**TASK DETAILS:**
Copy the data below exactly. Any pictures in it should be omitted.

**PROVIDED DATA:**
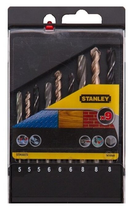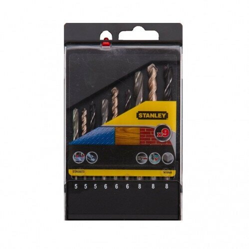Standard sizes: spiral for metal 5x52x86, 6x57x93, 8x75x117 mm; spiral for concrete 5x52x86, 6x57x93, 8x75x117 mm; spiral for wood 5x52x86, 6x57x93, 8x75x117 mm, shank type: cylindrical, quantity in a set package: 9 pcs., drill material: HS
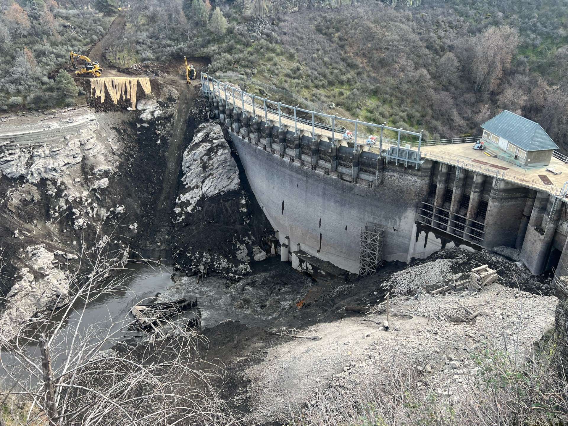 Deconstruction of the Copco No.1 Dam, which will be performed through a repetitive cycle of drilling, blasting, and chipping, can begin before the spring runoff period has concluded because it is a concrete arch dam. So, should the Klamath River experience a significant flow event this spring, water could safely pass over the partially removed concrete dam and the dam would remain securely in place. The Copco No. 1 Dam removal plan was specifically designed to allow for this safe flow passing, should it occur.
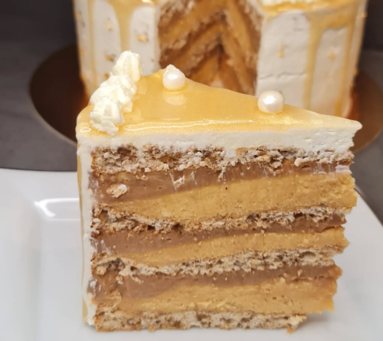 4. Ponovite za treću koru (plazma fil), pa četvrtu koru završite kako želite — mnogi stavljaju karamelni ili dodatni sloj plazme na vrh, ali originalno se obično završava s jednim od fila i kasnije ukrašava šlagom.

**TASK RESPONSE:**
Standard sizes: spiral for metal 5x52x86, 6x57x93, 8x75x117 mm; spiral for concrete 5x52x86, 6x57x93, 8x75x117 mm; spiral for wood 5x52x86, 6x57x93, 8x75x117 mm, shank type: cylindrical, quantity in a set package: 9 pcs., drill material: HS
 Deconstruction of the Copco No.1 Dam, which will be performed through a repetitive cycle of drilling, blasting, and chipping, can begin before the spring runoff period has concluded because it is a concrete arch dam. So, should the Klamath River experience a significant flow event this spring, water could safely pass over the partially removed concrete dam and the dam would remain securely in place. The Copco No. 1 Dam removal plan was specifically designed to allow for this safe flow passing, should it occur.
 4. Ponovite za treću koru (plazma fil), pa četvrtu koru završite kako želite — mnogi stavljaju karamelni ili dodatni sloj plazme na vrh, ali originalno se obično završava s jednim od fila i kasnije ukrašava šlagom.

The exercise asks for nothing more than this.